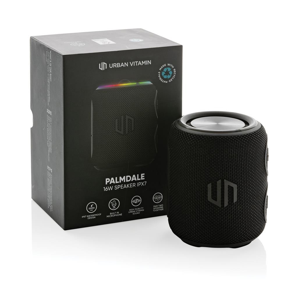 Voděodolný IPX7 bezdrátový reproduktor s robustním výkonem 16W. Praktické poutko a odolné provedení. Možnost spárování dvou reproduktorů pro stereo poslech. Poslech po dobu až 10 hodin na jedno plné nabití. Dvojitý subwoofer pro kvalitnější basový zážitek. Vyrobeno z RCS recyklovaného ABS a PET plastu. RCS (Recycled Claim Standard) je globální standard, který umožňuje ověřit použití recyklovaného materiálu v produktu napříč celým dodavatelským řetězcem. Celkový podíl recyklátu dle váhy produktu: 35 %. Produkt i příslušenství bez PVC. Baleno v dárkovém balení Urban Vitamin s minimálním obsahem plastů. 1 baterií typu 18650 súčasťou balenia.
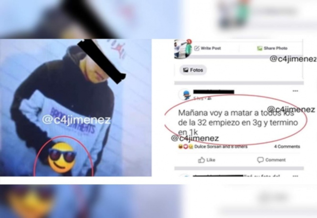La Fiscalía General de Justicia de la Ciudad de México (FGJ CDMX) y la Policía de Investigación (PDI) abrieron una indagatoria luego de que un adolescente de 13 años de edad, estudiante de secundaria, publicó en su cuenta de Facebook una fotografía en la que aparece con una pistola y la amenaza de una matanza en su escuela secundaria.
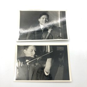中国第一代钢琴家、曾任中央乐团首席钢琴巫漪丽(1931-2019)旧藏,曾经的爱人著名小提琴演奏家、中央乐团小提琴首席杨秉荪(1929-2017)小提琴演奏照片两枚
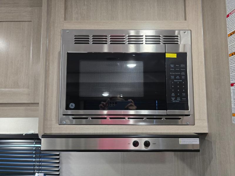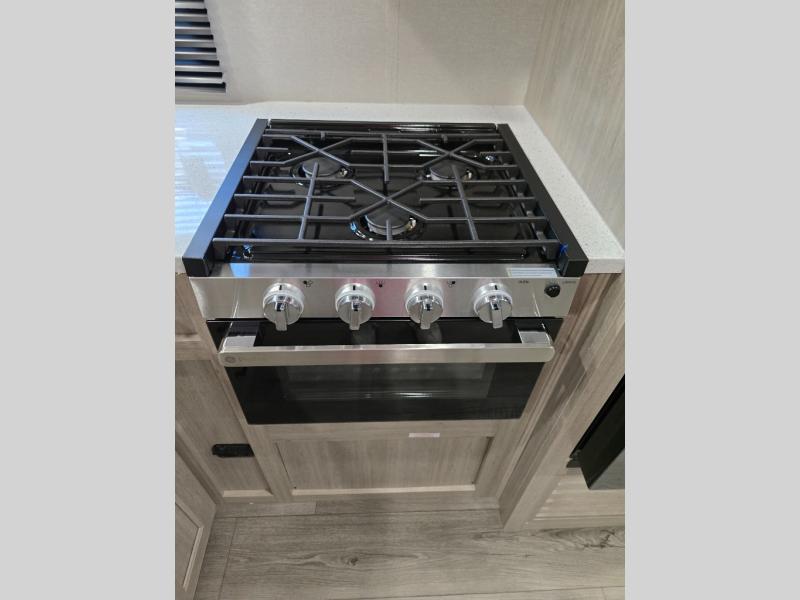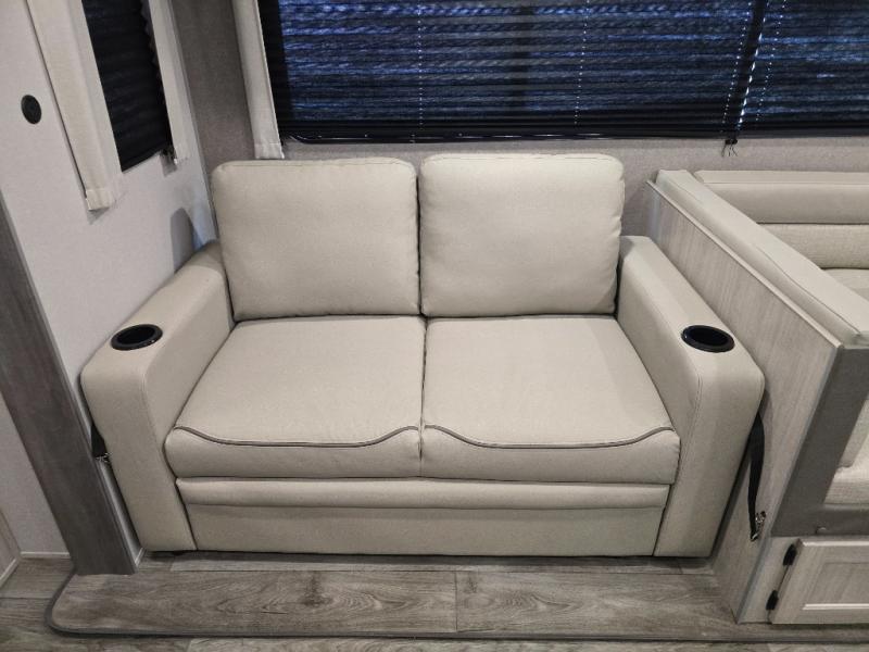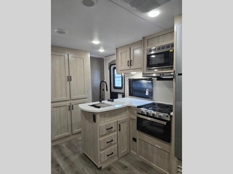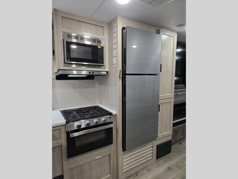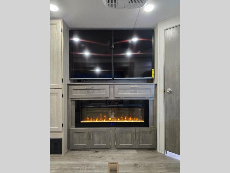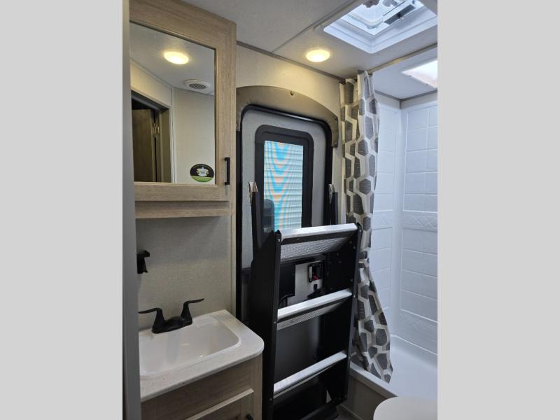 This travel trailer is perfect for your whole crew! Once you arrive at the campground, you can put out the 21' electric awning and start lunch on the exterior camper kitchen with a griddle and mini fridge. There is also a pass-thru storage plus additional exterior storage with a fold-down table and a TV hookup for added convenience. And since there are dual entry doors found on this unit, you can enter in through the full bath in the back, or the main living area towards the front! A large slide provides ample space to move about, and you'll find a trundle sofa and U-shaped dinette here for cozy seating and sleeping space. Speaking of sleeping, there is a front RV queen bed in the bedroom plus double-size bunks in the back for guests!
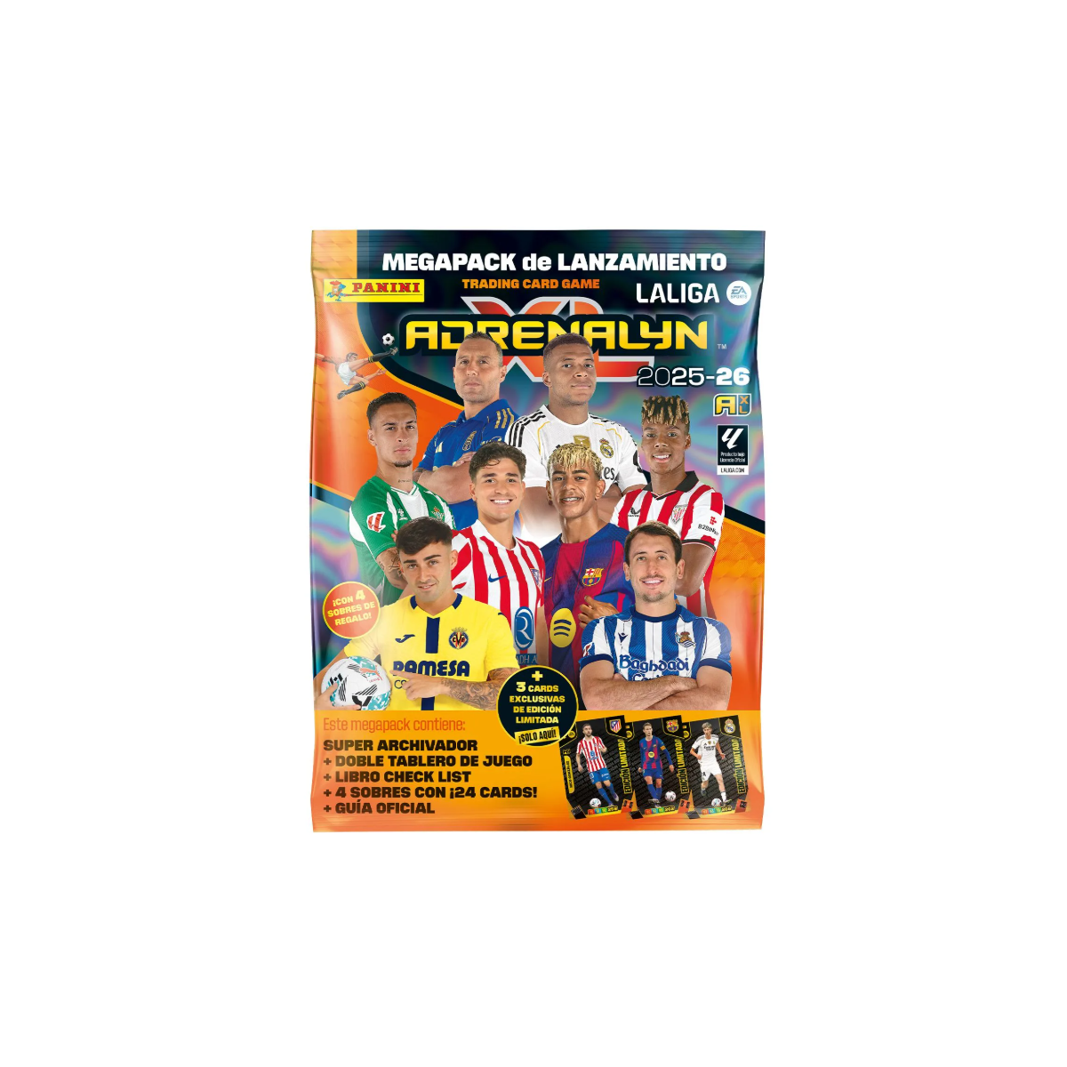 Megapack Adrenalyn XL LaLiga 2025-2026 Panini con archivador, tablero, guía y 4 sobres (24 cartas). Incluye 3 edición limitada exclusivas para empezar la colección a lo grande.
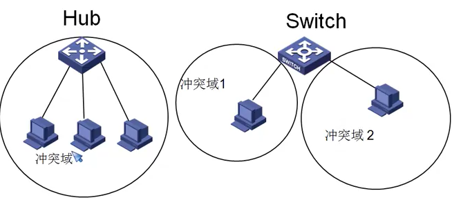 - 交换机的每个接口连接一个冲突域
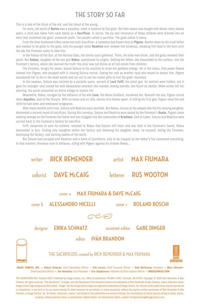 The Sacrificers #16 (2025) : The gods’ war reaches its final, devastating crescendo. In the ashes of rebellion, only one truth remains: when the gods fall, everything changes forever.
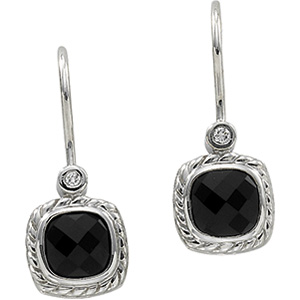 14K White Gold Pair Genuine Onyx And Diamond Earring
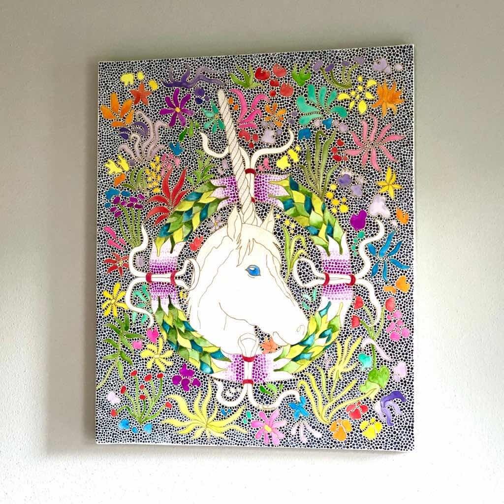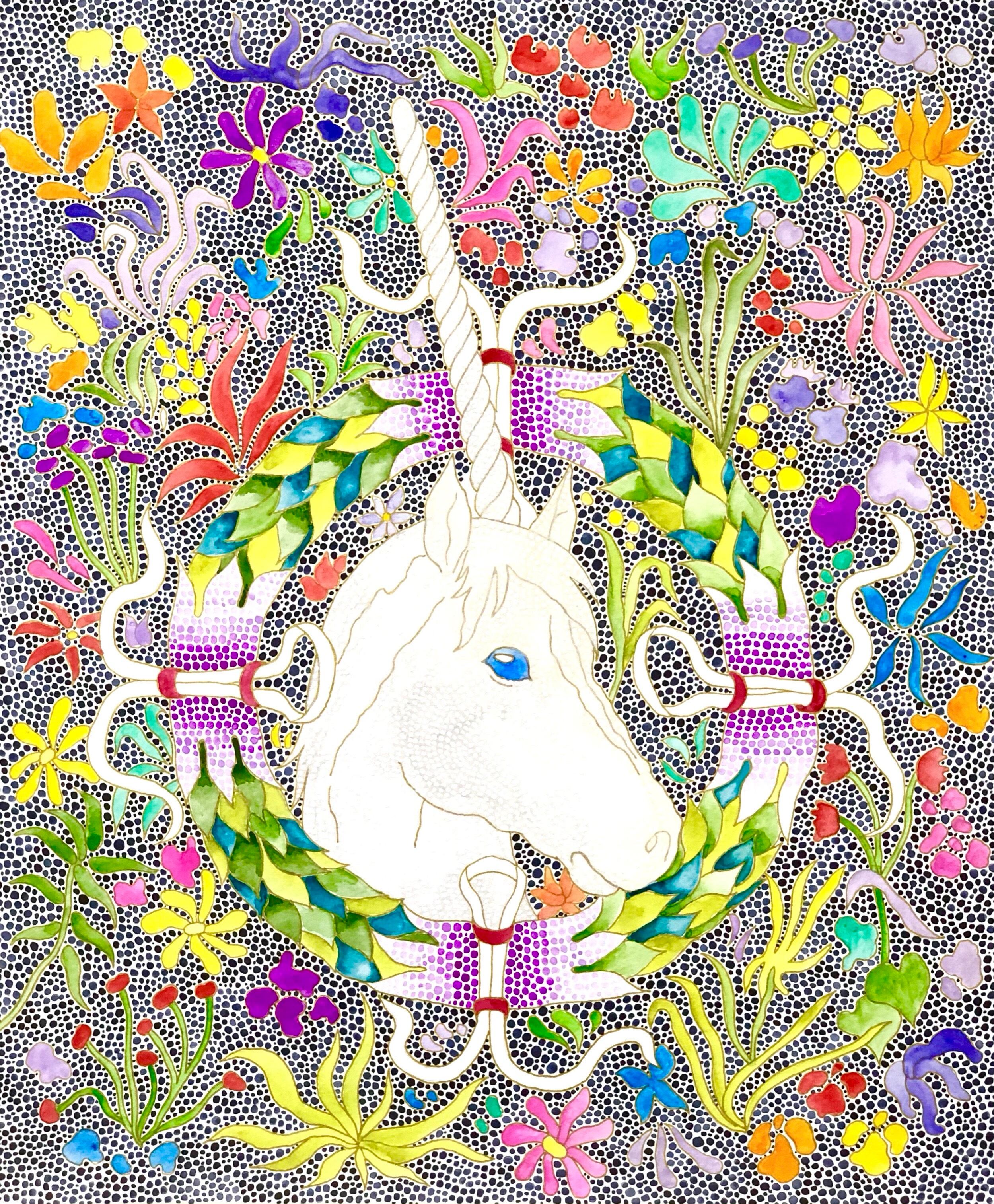 こちらはたくさんの植物とユニコーンを描いた作品。

__Problem requirements__. If a record contains a picture, drop the picture and repeat the rest exactly.

__Exercise output__.
 Voděodolný IPX7 bezdrátový reproduktor s robustním výkonem 16W. Praktické poutko a odolné provedení. Možnost spárování dvou reproduktorů pro stereo poslech. Poslech po dobu až 10 hodin na jedno plné nabití. Dvojitý subwoofer pro kvalitnější basový zážitek. Vyrobeno z RCS recyklovaného ABS a PET plastu. RCS (Recycled Claim Standard) je globální standard, který umožňuje ověřit použití recyklovaného materiálu v produktu napříč celým dodavatelským řetězcem. Celkový podíl recyklátu dle váhy produktu: 35 %. Produkt i příslušenství bez PVC. Baleno v dárkovém balení Urban Vitamin s minimálním obsahem plastů. 1 baterií typu 18650 súčasťou balenia.
La Fiscalía General de Justicia de la Ciudad de México (FGJ CDMX) y la Policía de Investigación (PDI) abrieron una indagatoria luego de que un adolescente de 13 años de edad, estudiante de secundaria, publicó en su cuenta de Facebook una fotografía en la que aparece con una pistola y la amenaza de una matanza en su escuela secundaria.
中国第一代钢琴家、曾任中央乐团首席钢琴巫漪丽(1931-2019)旧藏,曾经的爱人著名小提琴演奏家、中央乐团小提琴首席杨秉荪(1929-2017)小提琴演奏照片两枚
 This travel trailer is perfect for your whole crew! Once you arrive at the campground, you can put out the 21' electric awning and start lunch on the exterior camper kitchen with a griddle and mini fridge. There is also a pass-thru storage plus additional exterior storage with a fold-down table and a TV hookup for added convenience. And since there are dual entry doors found on this unit, you can enter in through the full bath in the back, or the main living area towards the front! A large slide provides ample space to move about, and you'll find a trundle sofa and U-shaped dinette here for cozy seating and sleeping space. Speaking of sleeping, there is a front RV queen bed in the bedroom plus double-size bunks in the back for guests!
 Megapack Adrenalyn XL LaLiga 2025-2026 Panini con archivador, tablero, guía y 4 sobres (24 cartas). Incluye 3 edición limitada exclusivas para empezar la colección a lo grande.
 - 交换机的每个接口连接一个冲突域
 The Sacrificers #16 (2025) : The gods’ war reaches its final, devastating crescendo. In the ashes of rebellion, only one truth remains: when the gods fall, everything changes forever.
 14K White Gold Pair Genuine Onyx And Diamond Earring
 こちらはたくさんの植物とユニコーンを描いた作品。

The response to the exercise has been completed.